Our capacity to understand the actions, reactions and interactions of other social beings, termed ‘theory of mind’, has been studied extensively over the last 20 years, most prolifically from a developmental perspective. Recently, the capacities underwriting social cognition have begun to receive serious attention more broadly in cognitive neuroscience, including the documentation of possible brain areas supporting ‘theory of mind’ via neuro-imaging (see Gallagher and Frith, 2003, Saxe et al., 2004 for recent reviews) and neuropsychological case studies of acquired and developmental brain lesions (e.g. Baron-Cohen et al., 1985, Fine et al., 2001, Frith et al., 1991, Rowe et al., 2001, Channon and Crawford, 2000, Apperly et al., 2004). Remarkably, despite more than 20 years of cognitive developmental research on ‘theory of mind’, the first simple models of successful belief-desire reasoning have only recently been proposed (Friedman and Leslie, 2004a, Friedman and Leslie, 2004b, Friedman and Leslie, 2005, Leslie and Polizzi, 1998, Leslie et al., 2004, Leslie et al., 2005).

In the current paper, we outline briefly the assumptions of a recent model of belief-desire reasoning, and test predictions of this model in young and older adults. The model has been developed to account for results from behavioral belief-desire reasoning tasks largely undertaken with young children as participants, in which children are required to predict or explain the actions that social agents take in terms of their underlying mental states. For example, children might be required to predict where a story character might look for some desired object x, given that she believes it is in location y.

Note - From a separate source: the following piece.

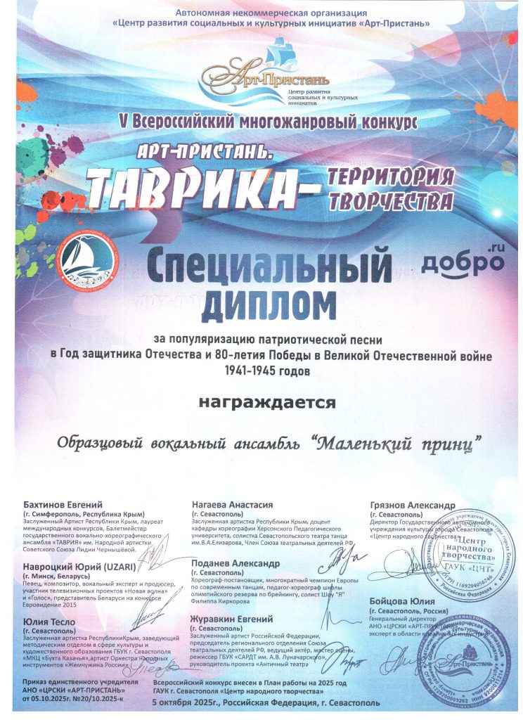Юные артисты образцового вокального ансамбля «Маленький принц» Дворца культуры рыбаков стали обладателями Дипломов лауреатов I степени  V Всероссийского многожанрового конкурса  «АРТ-пристань. Таврика — территория творчества» , который проходил 5 октября в Севастополе на сцене  драматического театра ЧФ  РФ имени Бориса Лавренёва. Руководителю ансамбля- заслуженному деятелю искусств Севастополя Т.М.Турик был вручен Специальный диплом » За популяризацию патриотической песни в Год защитника Отечества и 80-летия Победы в Великой Отечественной войне 1941 -1945 г.г.»

Inference tasks such as this might seem trivially simple from an adult point of view, but for young children, under certain conditions, they can prove quite challenging. For example, in one prominent task children watch a character, Sally, hide a marble in one location before leaving the scene, whereupon the marble is switched to another location in her absence. In predicting Sally's search on returning to the room children younger than 4 years of age often fail to take into account her false belief, and predict search at the location containing the object—an error that is overcome by the time that typically developing children reach age five (Baron-Cohen et al., 1985, Wellman et al., 2001). Thus, one major contributor to the ease or difficulty of belief-desire reasoning is whether the content of the belief to be attributed is true (easier) or false (more difficult), and this fact has proved to be one key finding that theories of the development of belief-desire reasoning have attempted to explain (Bloom, & German, 2000).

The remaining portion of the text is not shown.